Here is the chart of comparison of times taken between single-threaded and multi-threaded horizon map generation. I ran the process on a system with AMD Ryzen 5800H processor with eight cores and 16GB of memory.
You can clearly see how multithreading is competitive compared to a sigle-threaded execution.
Constructed Horizon Map
These textures are the target height map, the first horizon map, and the second horizon map, respectively.
Horizon Cubemap
Interpolating Directions with Horizon Cubemap
In the horizon mapping pixel shader, given a light direction $l$, deciding whether a pixel is in a shadow is achieved by sampling the corresponding horizon map, retrieving two suitable vectors stored in color channels between which $l$ exists. Then, the two vectors are interpolated according to the angle of $l$. The idea is that instead of finding an interpolation weight every time, make a cubemap containing those weights that can be sampled with the 3D light vector.
Even though we have eight directions in two textures, we can use only one cubemap to indicate all the eight directions. We know that use positive weights for $(R_0, G_0, B_0, A_0)$ and negative ones for $(R_1, G_1, B_1, A_1)$. For example, a cubemap texel $(0.5, 0.0, 0.0, -0.5)$ results in a directional vector $0.5R_0 + 0.5A_1$, which is directed toward $-22.5^\circ$. At most two channels in the cubemap can be nonzero because at most two directional values can participate in the interpolation.
In the pixel shader, the cubemap is sampled using $l$, and we calculate the dot product with a value sampled from the horizon map. We have to choose which horizon map to sample here. Actually, we don’t really have to ‘choose’ with an if statement. Considering that we made the decision to utilize positive values for the initial horizon map and negative values for the subsequent horizon map, the following expressions successfully interpolates two channels without a conditional branch. Saturating $v_{cubemap}$ sorts out only positive weights while saturating $-v_{cubemap}$ does so only for negative weights, and multiplying each extracted weight and summing them up covers all the cases.
$s_{horizonmapN}$ : Color($\sin \alpha$) sampled from the horizon map N(0 or 1).
$w_{cubemap}$ : Color(weight) sampled from the horizon cubemap. \(s_0 = saturate(w_{cubemap}) \cdot s_{horizonmap0} \\ s_1 = saturate(-w_{cubemap}) \cdot s_{horizonmap1} \\ s_{final} = s_0 + s_1\)

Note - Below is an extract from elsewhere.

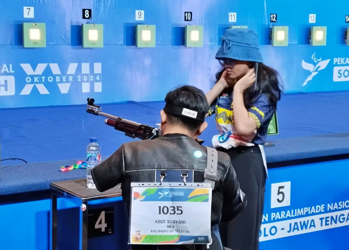 Abdi Suryani bersiap di arena Peparnas XVII Solo 2024. Nomor punggung 1035 menjadi saksi perjuangannya meraih medali untuk Kalimantan Selatan.Di tenga...

The result is an estimated $\sin \alpha$, where, to remind, $\alpha$ is a horizontal angle made by a higher point lying in the direction.
Constructing a cubemap is tricky. First, we must remind ourselves how our cubemap should work; when sampled with the tangent-space 3D light direction vector, it returns an interpolation weight on the T-B plane. In order to make up each face of the cubemap, we have to find the mapping from a uv coordinate of a face to the projected point on the T-B plane. What makes it very tricky is the difference between coordinate systems. Unity default scene features a Y-up coordinate system, while the shader tangent features a Z-up coordinate system. Never mind, just go for the Y-up and replace T with X, B with Y, and N with Z.
We have to find the mapping from $p_{uv}$ to $p_{projected}$.
Assume we have given an unnormalized light direction $l(3, 2, 1)$. The sampled face has an index of 0, and the texture UV coordinate that we are targeting is $p_{uv}(\frac{2}{3}, \frac{1}{3})$. It is projected to $p_{projected}(1,\frac{1}{3}, 0)$ on the X-Y(T-B) plane. From this case, we know that a UV coordinate $(u, v)$ of the face 0 is mapped to a projected point $(1, v)$. The same idea can be applied to construct remaining five faces of the cubemap.
Once a cubemap is generated, it can be used to sample any horizon map, since the cubemap just indicates the relationship between a light direction and an interpolation weight and does not accept any texture parameter in its generator.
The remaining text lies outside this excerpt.